* The records:
== == ==
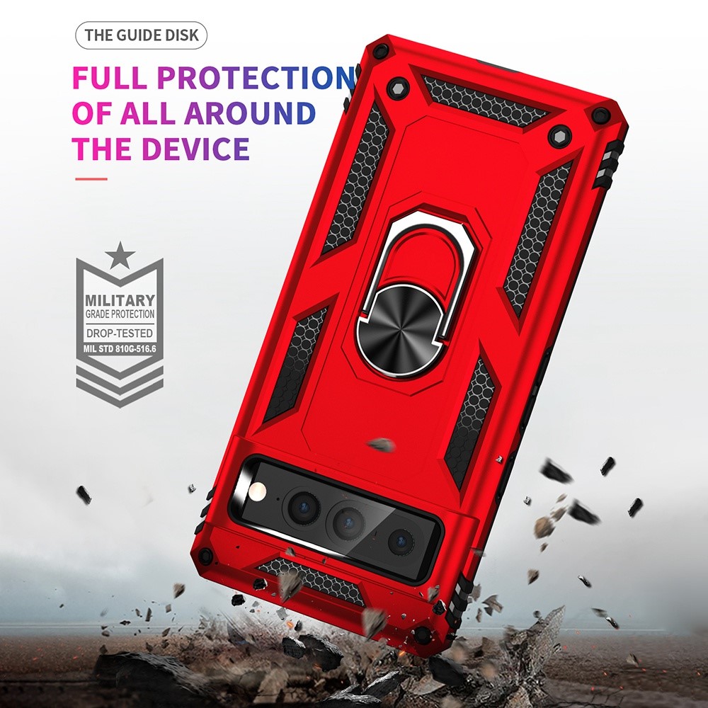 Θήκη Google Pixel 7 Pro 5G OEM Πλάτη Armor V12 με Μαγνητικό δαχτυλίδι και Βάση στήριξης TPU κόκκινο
== == ==
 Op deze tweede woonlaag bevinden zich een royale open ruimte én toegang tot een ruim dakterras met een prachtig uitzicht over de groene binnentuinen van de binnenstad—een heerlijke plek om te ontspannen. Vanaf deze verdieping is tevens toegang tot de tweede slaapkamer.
== == ==
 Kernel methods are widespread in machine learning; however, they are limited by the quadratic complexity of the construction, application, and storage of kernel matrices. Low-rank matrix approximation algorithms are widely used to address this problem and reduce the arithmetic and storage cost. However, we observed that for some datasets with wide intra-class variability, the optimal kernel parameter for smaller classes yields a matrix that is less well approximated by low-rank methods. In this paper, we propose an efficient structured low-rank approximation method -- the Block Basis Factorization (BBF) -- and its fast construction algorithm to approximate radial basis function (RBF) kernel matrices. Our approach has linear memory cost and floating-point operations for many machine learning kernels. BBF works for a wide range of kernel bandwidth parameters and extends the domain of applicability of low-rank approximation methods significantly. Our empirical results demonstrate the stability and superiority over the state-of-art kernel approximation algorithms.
== == ==
* Requirement:
The task calls for every line of the material that contains the string "over".

* Result:
 Op deze tweede woonlaag bevinden zich een royale open ruimte én toegang tot een ruim dakterras met een prachtig uitzicht over de groene binnentuinen van de binnenstad—een heerlijke plek om te ontspannen. Vanaf deze verdieping is tevens toegang tot de tweede slaapkamer.
 Kernel methods are widespread in machine learning; however, they are limited by the quadratic complexity of the construction, application, and storage of kernel matrices. Low-rank matrix approximation algorithms are widely used to address this problem and reduce the arithmetic and storage cost. However, we observed that for some datasets with wide intra-class variability, the optimal kernel parameter for smaller classes yields a matrix that is less well approximated by low-rank methods. In this paper, we propose an efficient structured low-rank approximation method -- the Block Basis Factorization (BBF) -- and its fast construction algorithm to approximate radial basis function (RBF) kernel matrices. Our approach has linear memory cost and floating-point operations for many machine learning kernels. BBF works for a wide range of kernel bandwidth parameters and extends the domain of applicability of low-rank approximation methods significantly. Our empirical results demonstrate the stability and superiority over the state-of-art kernel approximation algorithms.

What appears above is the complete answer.